Ian Verrender wrote a piece on the potential lifting of China’s coal import ban on Australia. There were so many factual inaccuracies in the piece including a few I outlined in tweets. In short:
China has no thermal coal shortage. Inventories are high, output is high and yes, hot weather means more air conditioning demand but that is not enough to significantly drain stocks of coal.
China’s self inflicted metallurgical or coking coal shortage is over. There are two reasons for this: China is importing from Mongolia again and will soon be one of Russia’s few customers left. You can see this in data when you combine shipping volumes and Mongolian export data. The big squeeze is over. Add to that the implosion of their real estate sector and this market is moving towards oversupply.
As such, there is really no pressure for China to do this. They are fine, coking coal prices are falling and China’s domestic thermal prices are now around 875 yuan per tonne - or $130 per tonne. The spot price of equivalent coal from Australia or delivered to Rotterdam is $450. The idea China is going to import in that context is laughable and Australia’s chief business correspondent at the national broadcaster should do better.
So what is happening here? Let me hazard a guess:
Australia and its miners adjusted quickly and well to China’s trade actions. Broadly, China failed to coerce Australia. But Australia’s mining-lobbying nexus is powerful and also very bad at market research and they want more customers even if those customers are unlikely to ever come back. China would ideally like to offer Australia something in exchange for other things it wants - my guess would be pending takeover approvals for strategic assets in minerals - but knows that they are in fact offering nothing. The treasurer is from Queensland, a large coking coal mining state and probably gets an earful from miners all day every day. Add to that the Department of Foreign Affairs and Trade, which has a weak economic research function probably doesn’t understand these dynamics and wants to make itself relevant by doing a deal - any deal - to burnish its importance.

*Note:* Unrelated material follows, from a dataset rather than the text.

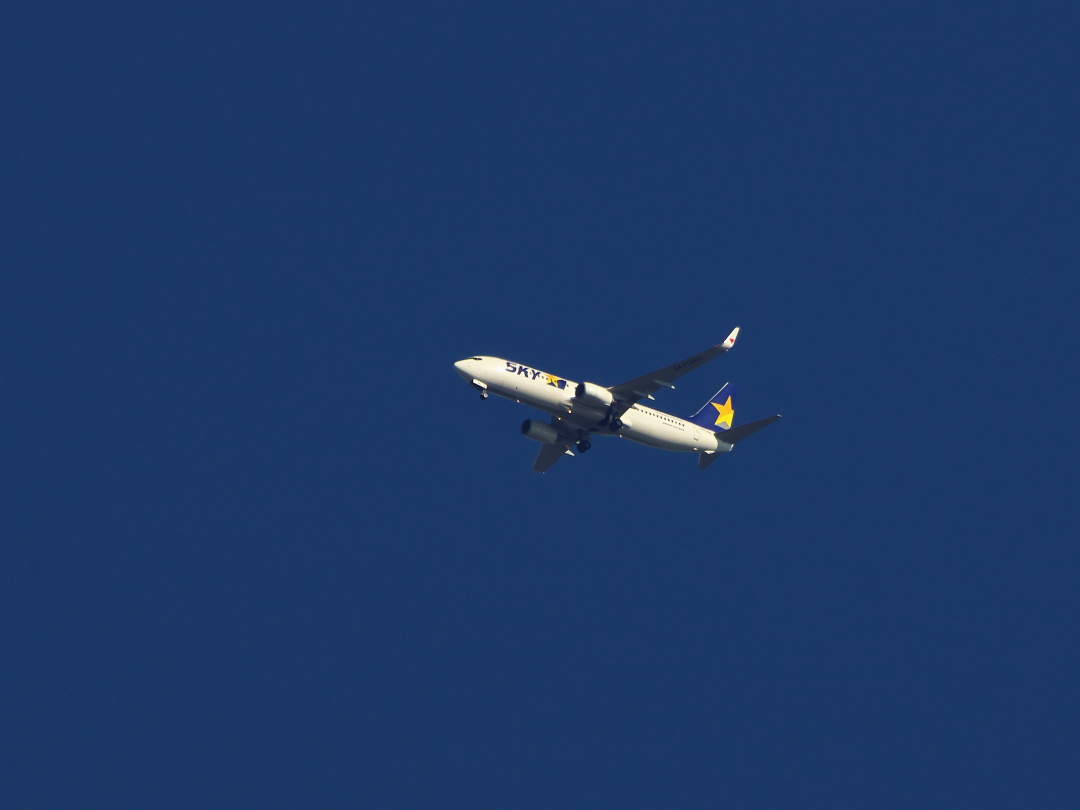 で、仕事に戻ろうと思ったら、反対側の東の空を低空で飛ぶスカイマーク機を発見!!

The real question in my mind is: how stupid and captured is Australian politics and will they go for this? If Australia does such a deal it gets nothing and ultimately looks very stupid and we have no idea what is being offered to China in exchange. Verrender and the like should stop publishing lobbyist talking points and start asking what the likely shape of such a deal is and whether it is in the national interest.
For China, none of this matters. They are going to have two more or less exclusive suppliers of coking coal and they win either way. Good for them. But it is up to Australia’s government to see this as it is and not get distracted by empty offers.
If the ABC's chief business correspondent had submitted your critique, above, instead of his piece–would the ABC broadcast it?
I doubt it. It sounds neutral and, therefore, pro-China.
His piece riffs on the official 'Bad China' narrative, now de rigeur for Western media employees who want to remain employed.